The main issue right now is the number of outliers. It appears that they have been overestimated by the robust methods. Flagging as outliers approximately 40 out of 90 observations is not reasonable. Pr Gijbels stresses the importance of knowing whether there are 6 or 40 outliers. Pr Weltje suggests of colouring observations on plot "Robust distance vs Index" the observations which were imputed with the geometric mean.
The approach I've taken so far could seriously go wrong if it appears that there was an artificial generation of outliers by filling missing values with geometric mean and therefore artificially generating a lot of identical values. Departures from these identical values will be wrongly assumed to be outliers while they are only data variability
As a rule of thumb, Pr Weltje suggests that no more than 5 or 10 % of observations should be flagged as outliers.
Advice : once you've identified the outliers redo the analysis without outliers and project the outliers in the PC space estimated without outliers.
Advice : see if classical methods conducted on the bulk of the data (without outliers) and robust method (with outliers) yield the same results.
Pr Weltje's comment on missing values : either the elements sum to less than one and therefore 1 - sum(elements) = rest either this sum is more than one and then the rest is a missing value.
Plot the average of values recorded for each element against the % of labs which have discovered the value (ex : 10,80%) for CaO means that 80 % of labs have reported a value whose average is 10 unit. We can look at log(x/1-x) which is a marginal distribution. This approach automatically takes care of skewness of distribution.
Professors have recalled that there should be two approaches to handle missing values : impute them by geometric mean for major elements and use the EM-algorithm for non missing values.
Biplot : replace iteratively missing values by a value smaller and smaller.
So far, I've looked at a subproblem : major elements. Pr Weltje proposes a unifying algorithm where instead of looking at a subcomposition we look at the total composition (summing to one) seen as :
- Mass fraction of majors elements
- Mass fraction of trace elements
- Mass fraction of oxygen
- Mass fraction of the rest
In this way, we get feasible compositions from a physical point of view. How to handle missing values ? Pr Weltje proposes to take the log(x/1-x) which is a mapping from the Simplex to the Real Space.
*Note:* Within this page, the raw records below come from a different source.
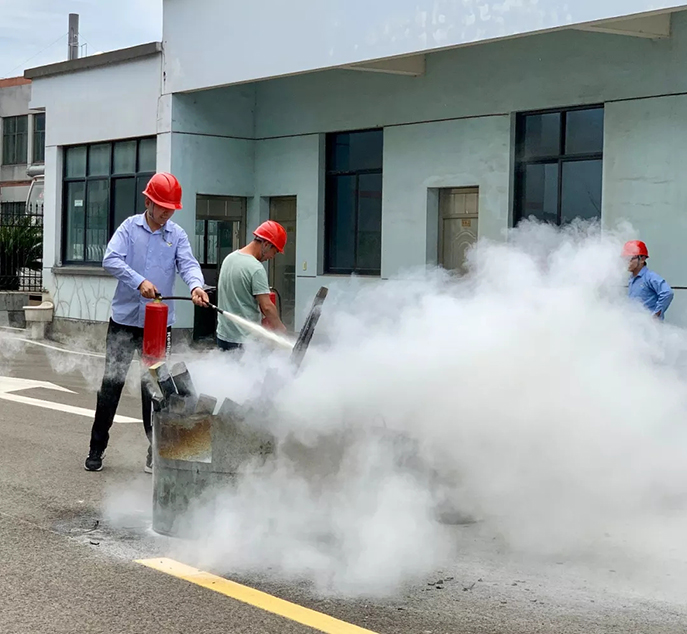 活動的第三部分為現(xiàn)場演練,浙江高壓開關(guān)廠有限公司、浙江德通變壓器有限公司自2015年成立義務(wù)消防隊,近年來企業(yè)未發(fā)生火災(zāi)及重大安全生產(chǎn)事故,盡管如此,消防安全的弦始終牢牢地繃在我們的頭上,時刻警醒著我們不斷加強(qiáng)安全生管理。演練現(xiàn)場,我們采用現(xiàn)場教學(xué)與實際操作相結(jié)合的方式,使義務(wù)消防隊的隊員們能夠更加熟練的操作消防滅火器材,更加穩(wěn)準(zhǔn)地?fù)錅缧苄苋紵幕鹧妗?/p>
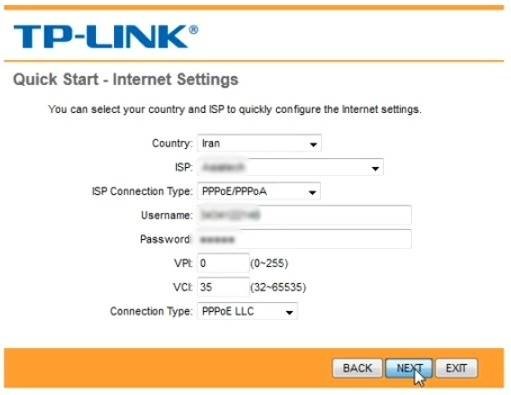 - سپس اطلاعات دریافتی از IPS ( سرویس دهنده اینترنت ) خود را وارد نمایید.
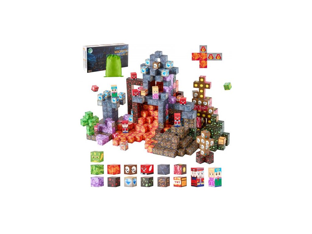 Magnetické kostky, sada 100 dílků Temný hrad, magnetické stavební kostky pro děti, senzorické hračky STEM Montessori jako vánoční dárek k narozeninám, skládací stavebnice pro chlapce a dívky od 3 letVšestranná zábava
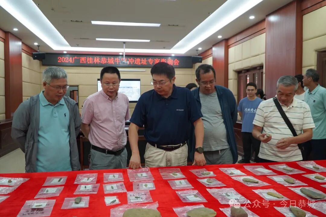 近日,恭城牛路冲遗址考古有了新发现,考古发掘队特邀专家现场考察发掘现场,并召开咨询会,与专家交流讨论牛路冲遗址时代、性质以及下一步考古工作。
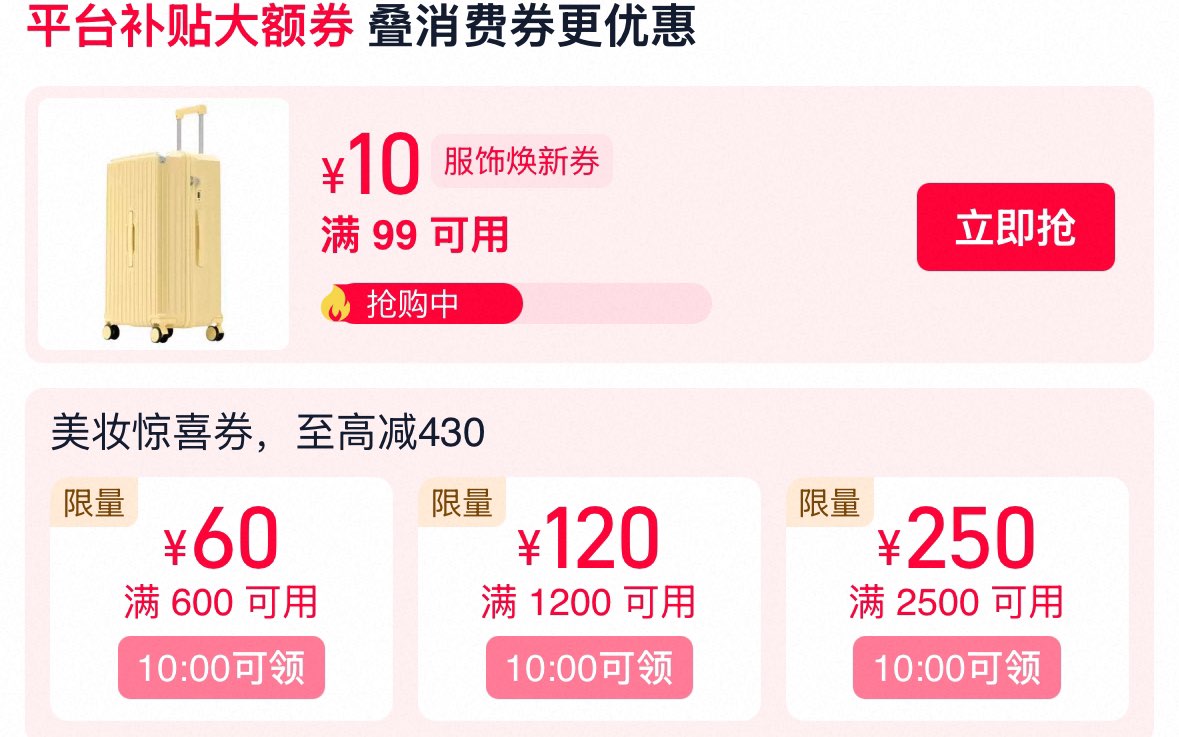 10点 美妆奍 服饰奍 运动券防身
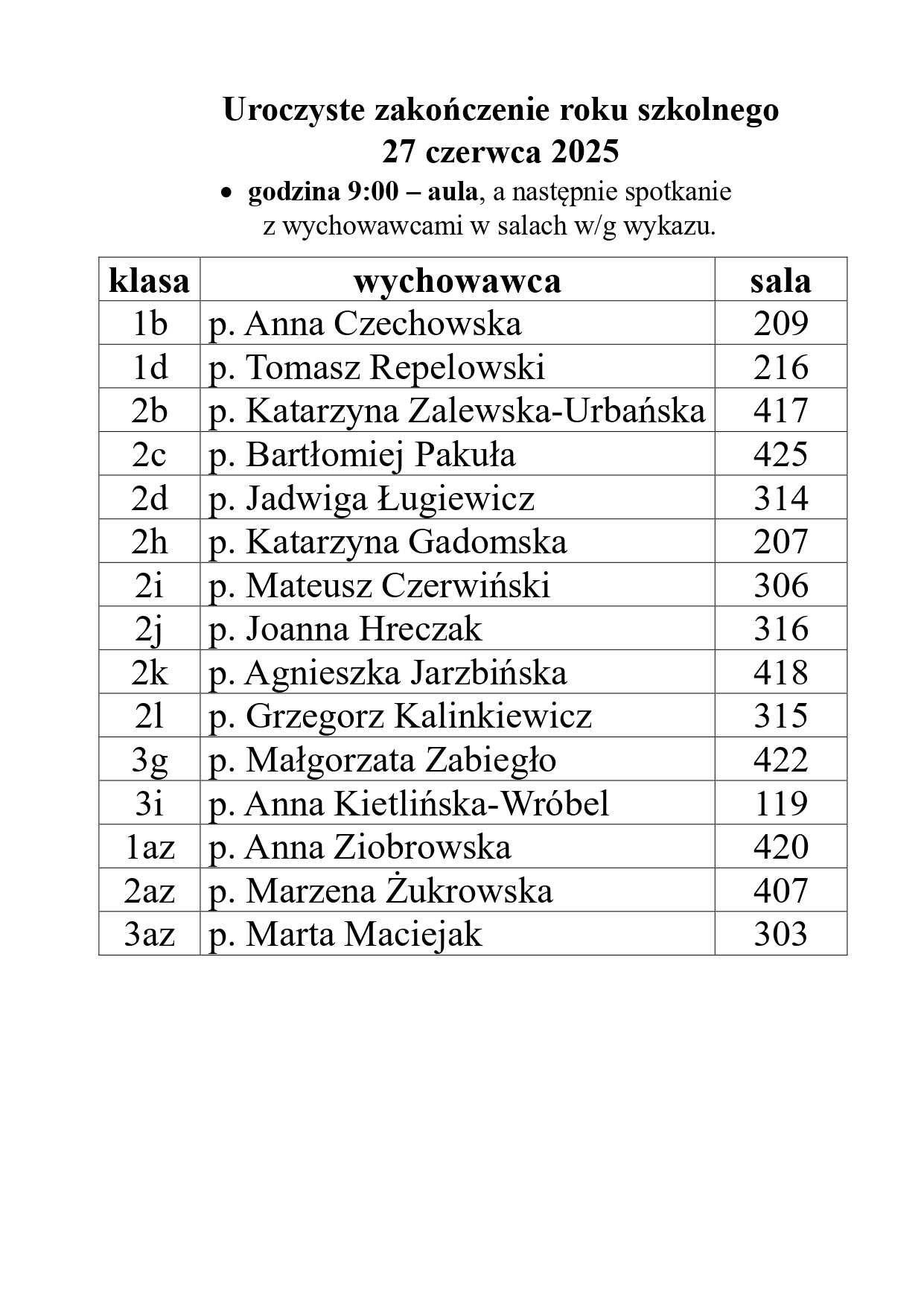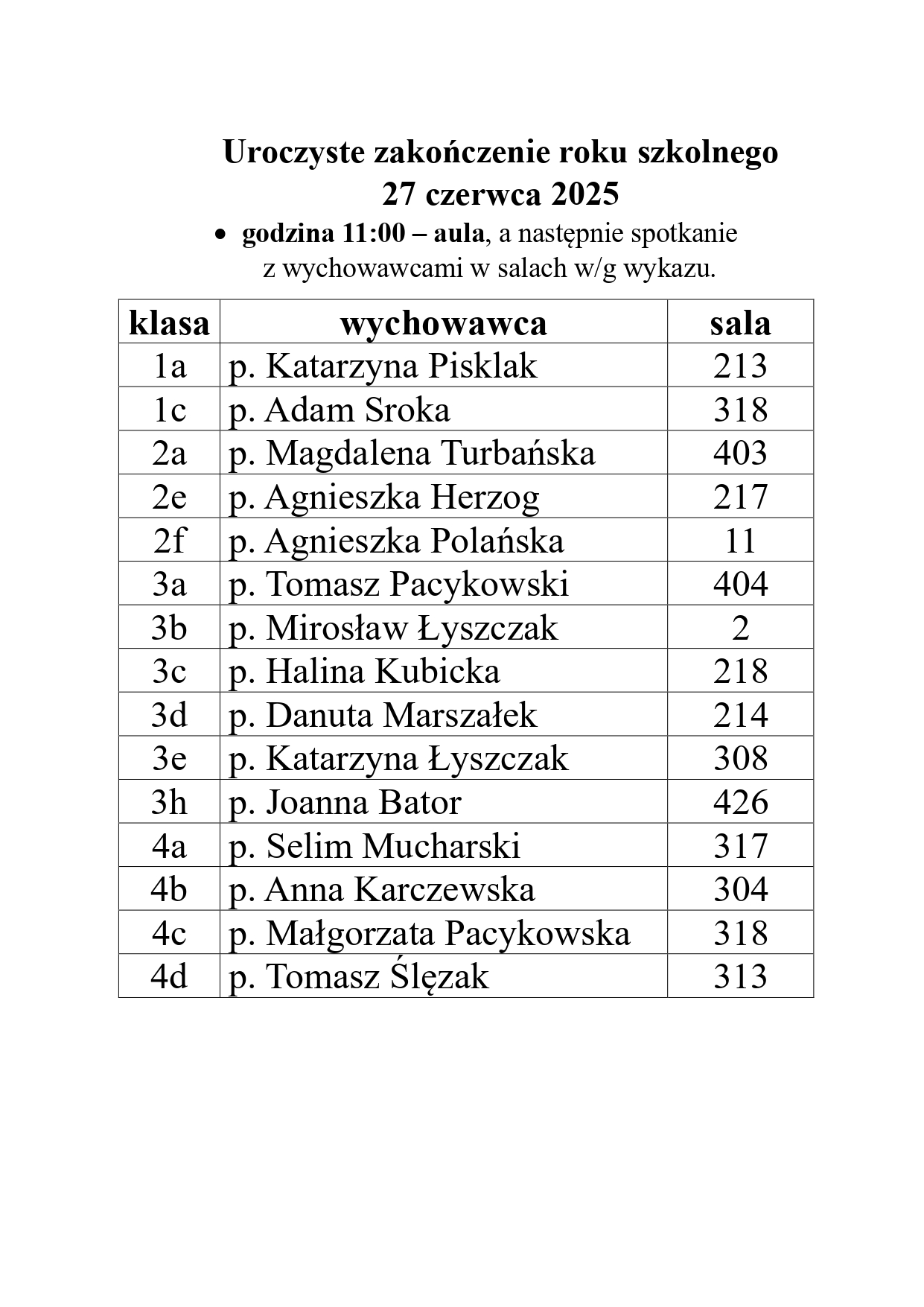 | klasa | wychowawca | sala |

Pr Gijbels underlines that doing so creates dependance between the labs since we replace missing values with means.
Both professors were happy with the fact that we need a high number of PC's to explain the variability in the dataset. This suggests that the assumption of a multivariate standard normal distribution for the standardized clr data holds, all we have is random multivariate error.
If we analyze rock bodies, we would expect a few principal component analysis would be able to summarize the rock samples but in the case where we are looking at i.i.d analyses of the same rock we need a high number of PC's.
For each rock, count the number of missing values row-wise & column-wise. If number of missing values per column is larger than cut-off (let's say 2/3), we say all the column is missing.
One can also count missing values in each rows and if too many missing values in a lab, also throw them out.
The most important remark is that there is an issue in the algorithm. What I thought to be multiple interactions is only one iteration according to Pr Weltje. What I should do is :
- Impute the missing values for the whole dataframe by the blr mean of each column.
- If sum is larger than one, scale back to 1.
- Delete the imputed values and replace them by the new blr means of the scaled dataframe.
- If sum is larger than one, scale back to 1.
- Delete the imputed values and replace them by the new blr means of the scaled dataframe.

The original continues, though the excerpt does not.